--- GIVEN MATERIAL ---

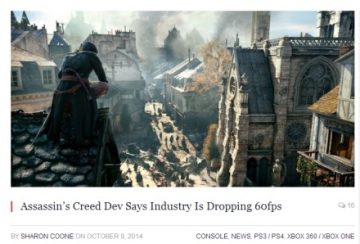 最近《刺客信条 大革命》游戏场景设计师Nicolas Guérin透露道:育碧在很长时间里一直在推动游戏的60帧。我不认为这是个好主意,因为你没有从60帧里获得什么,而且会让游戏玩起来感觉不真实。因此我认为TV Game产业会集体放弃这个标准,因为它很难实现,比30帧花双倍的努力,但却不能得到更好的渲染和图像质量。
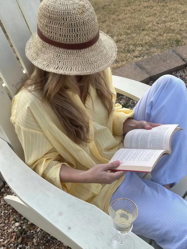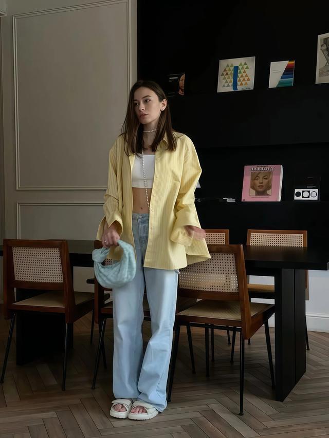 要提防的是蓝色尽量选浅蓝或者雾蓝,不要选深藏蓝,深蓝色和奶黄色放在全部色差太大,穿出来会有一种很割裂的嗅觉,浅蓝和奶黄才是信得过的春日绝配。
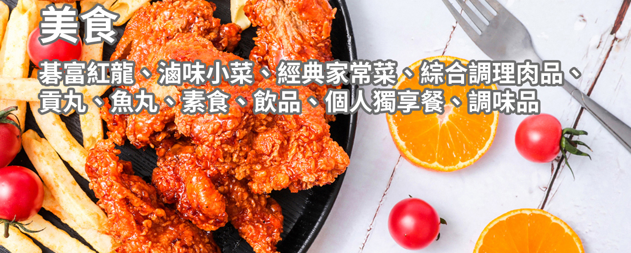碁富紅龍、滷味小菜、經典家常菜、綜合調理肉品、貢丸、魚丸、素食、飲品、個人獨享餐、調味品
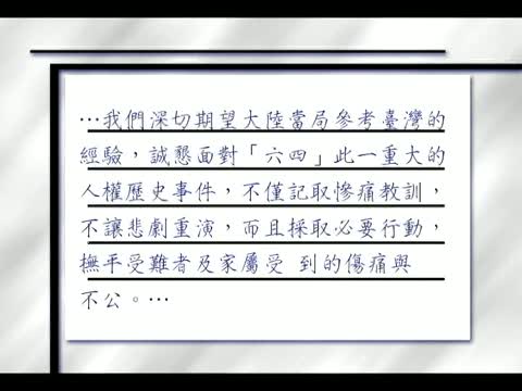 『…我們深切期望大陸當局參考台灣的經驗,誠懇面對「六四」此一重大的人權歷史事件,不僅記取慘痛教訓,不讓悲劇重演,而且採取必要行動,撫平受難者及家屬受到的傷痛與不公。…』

---

DESCRIPTION OF THE TASK =
Once the pictures are set aside, output the whole listing exactly.

RESULT BELOW =
 最近《刺客信条 大革命》游戏场景设计师Nicolas Guérin透露道:育碧在很长时间里一直在推动游戏的60帧。我不认为这是个好主意,因为你没有从60帧里获得什么,而且会让游戏玩起来感觉不真实。因此我认为TV Game产业会集体放弃这个标准,因为它很难实现,比30帧花双倍的努力,但却不能得到更好的渲染和图像质量。
 要提防的是蓝色尽量选浅蓝或者雾蓝,不要选深藏蓝,深蓝色和奶黄色放在全部色差太大,穿出来会有一种很割裂的嗅觉,浅蓝和奶黄才是信得过的春日绝配。
碁富紅龍、滷味小菜、經典家常菜、綜合調理肉品、貢丸、魚丸、素食、飲品、個人獨享餐、調味品
 『…我們深切期望大陸當局參考台灣的經驗,誠懇面對「六四」此一重大的人權歷史事件,不僅記取慘痛教訓,不讓悲劇重演,而且採取必要行動,撫平受難者及家屬受到的傷痛與不公。…』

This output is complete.